Environmentalists cited at least one small victory: the agreement calls for an integrated ocean assessment and sets up a process for negotiating a protocol governing the high seas under the United Nations Convention on the Law of the Sea, both to be completed by 2014.

But in the end, the text includes no mention of boundaries or limits, stressing only the need to integrate science and policy frameworks while calling for “a regular review of the state of the Earth’s changing environment and its impact on human well-being”.

Many of those participating in Rio+20 put the summit in a more positive light.

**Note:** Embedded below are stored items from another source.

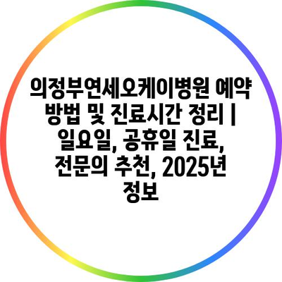 의정부연세오케이병원 예약 방법 및 진료시간 정리 | 일요일, 공휴일 진료, 전연락 추천, 2025년 정보에 대해 자주 묻는 질문 TOP 5
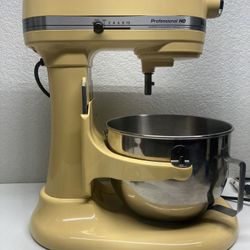 Yellow Kitchenaid Professional Hd Bowl Lift Mixer And Three Attachments Appliance Kitchen Aid Whisk Hook Paddle $250Anaheim, CA
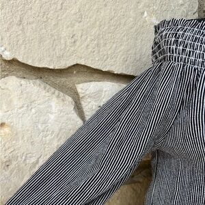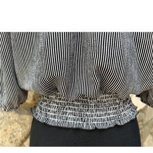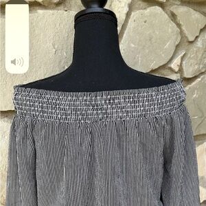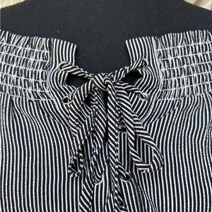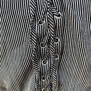 Black White Striped Lace Up Off/On Shoulder EC
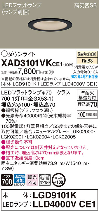 パナソニック XAD3101VKCE1(ランプ別梱) ダウンライト 埋込穴φ100 LED(温白色) 天井埋込型 高気密SB形 ブラック
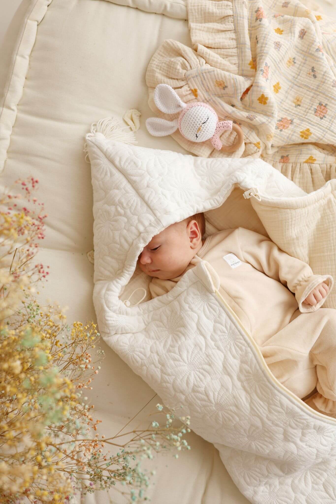 Śpiworek muślinowy do gondoli i fotelika wiosenno-letni dla niemowląt pikowane kwiatuszki – śmietankowe
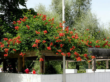 Использование: используется для вертикального озеленения стен, оград, беседок, пергол, трельяжей, хорошо смотрится на фигурных подпорах (шар, пирамида) на газонах. Декоративна крупными перистыми листьями, оригинальными цветами, а также длительным цветением.
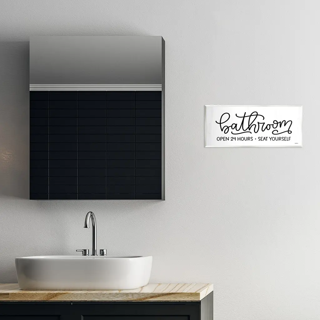 Our wall plaques start as high-quality lithograph prints mounted on durable 0.5-inch thick MDF wood. Each piece is hand finished and comes with a fresh layer of white foil on the sides to give it a crisp, clean look. Plaques arrive ready to hang without installation and come with removable plastic corners to keep them from damage in transit. Stupell Wall Art is made in the USA.Features: Dimensions: 17 x 0.5 x 7 InchesWall Art is Ready to Hang with Hardware Free Hanging. No installation required. For Easy Set Up Lean or Layer Artwork on Shelf or Against Wall.All of our wall plaques start off as high quality lithograph prints that are then mounted on durable 0.5 inch thick MDF wood. Each piece is hand finished and comes with a fresh layer of foil on the sides to give it a crisp clean look. Made In USA.Artwork Relates To: Bathroom, Phrase, Minimal, HumorDesign by Imperfect Dust
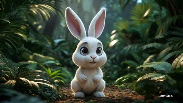AI Image: cute white rabbit cartoon, pixar style, jungle background, 3D cartoon, ultra HD, shot on modular 8K
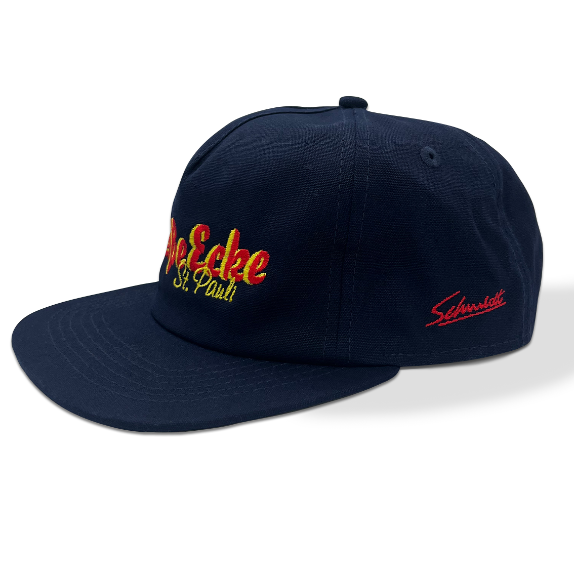 Die Cap zum St. Pauli Musical kommt mit frontaler „Heiße Ecke“-Stickerei und seitlich aufgebrachtem Schmidt-Logo.
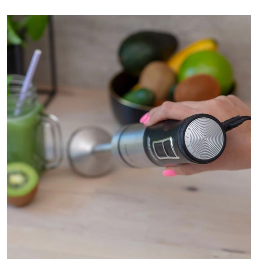 Iščete zanesljiv palični mešalnik za vsakodnevno kuhanje? Ta model z močjo 1500 W prinaša hitre in natančne rezultate pri pripravi juh, omak, pirejev, smutijev in otroških kašic. Trpežna mešalna noga iz nerjavnega jekla je varna za stik z živili in odporna na visoke temperature, zato lahko mešate neposredno v vročem loncu brez čakanja.
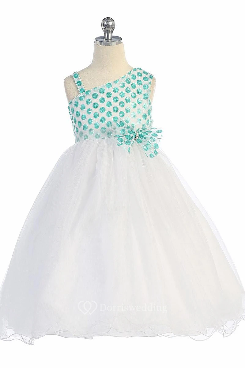 One-Shoulder Tea-Length Bowed Tulle&Sequins Flower Girl Dress With Tiers
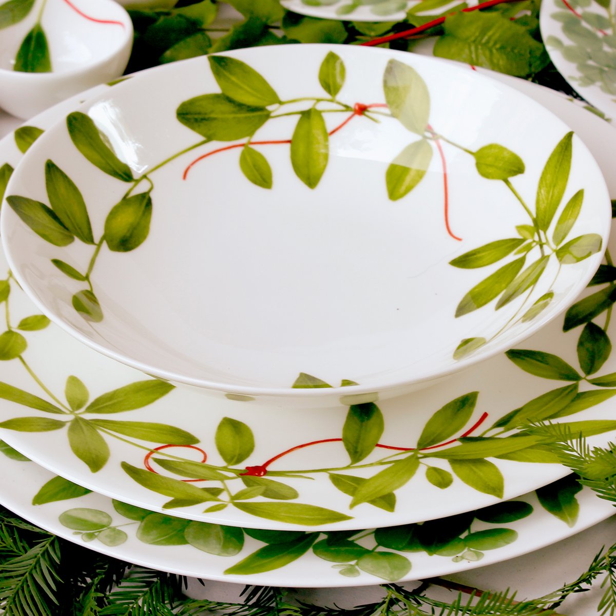A thin FIL ROUGE wreaths among twines of Eucalyptus and Laurel leaves. The green colour masters the scene and instils serenity, while a touch of red colour warms your heart.

And despite growing doubts about the power of international treaties to effect change, observers are taking heart in the steps that some countries are taking at the national and sub-national level. Brazil is a good example, having sharply reduced deforestation in recent years while developing the world’s most advanced biofuels industry and simultaneously helping to lift millions of people out of dire poverty.

Janos Pasztor, executive secretary of the UN High-level Panel on Global Sustainability, says that the conference has helped spur a broader conversation about sustainable development as well as a host of initiatives among governments, civil-society groups, scientists and the private sector. “This conference is part of a larger process,” Pasztor says, “and the outcome document is just one of the many results that will be announced here in Rio.”